BERTopic: add legend to term score decline

57 Views Asked by At

I plot the term score decline for a topic model I created on Google Colab with BERTopic. Great function. Works neat! But I need to add a legend. This parameter is not specified in the topic_model.visualize_term_rank() function. Only the figure title, width, height, log transformation and topics to be plotted can be adjusted.

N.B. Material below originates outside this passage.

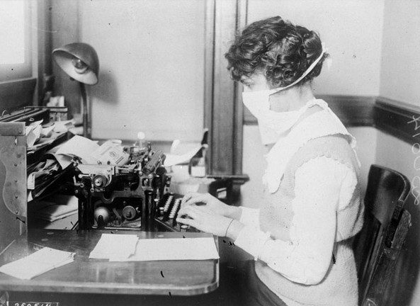 Searching online for some visual inspiration, I came across this image of a typist wearing a mask in 1918 October 16th, New York:
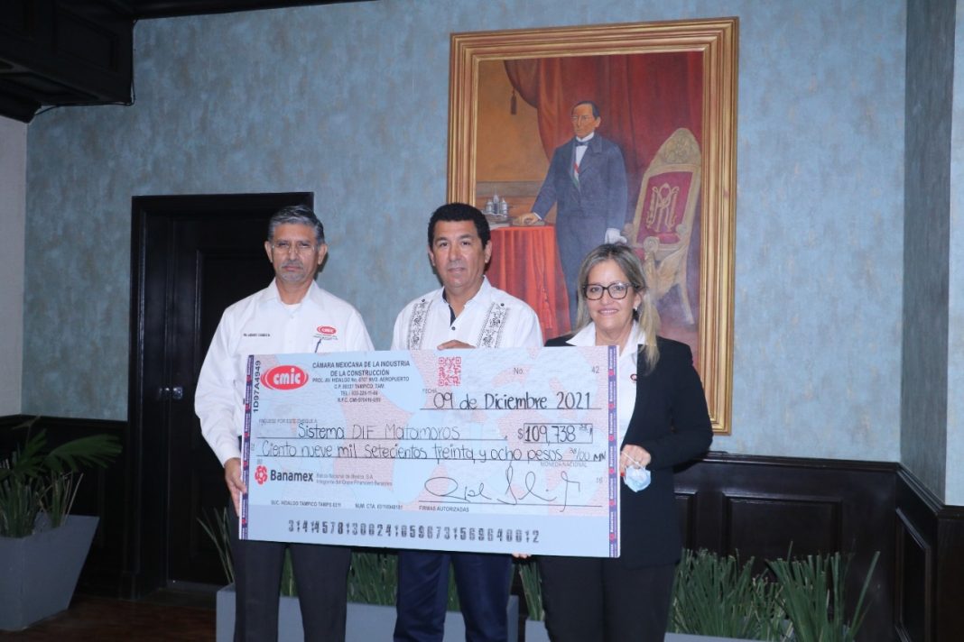 Lo anterior lo mencionó durante un encuentro con integrantes de la Cámara Mexicana de la Industria de la Construcción, delegación Matamoros, quienes hicieron entrega de un cheque por $109,738.00 para apoyar las actividades del Sistema para el Desarrollo Integral de la Familia.

The term score decline function outputs a plotly figure and is based on tmtoolkit. So I tried to tweak it there. But I cannot load tmtoolkit in colab. Tried import tmtoolkit and from tmtoolkit import topicmod patching things together from the reference. I found another colab file that uses tmtoolkit but it gave me the same error. Colab does not find tmtoolkit. So not a problem with my file but seems to be a general issue?

Another solution is to update the plotly figure. But how? Had a ponder in the reference and tried

import plotly.graph_objects as go
import plotly.express as px

labels = topic_model.topic_labels_
fig = model.visualize_term_rank(title = 'Topic Coherence', custom_labels = True)
fig.update_legends(patch = labels)
fig

This throws the below error.

TypeError: object of type 'int' has no len() What does it mean? It seems illogical to me that the length cannot be computed for an integer variable.

When I omit the line fig.update_legends(patch = labels) it produces the figure but without the legend I need.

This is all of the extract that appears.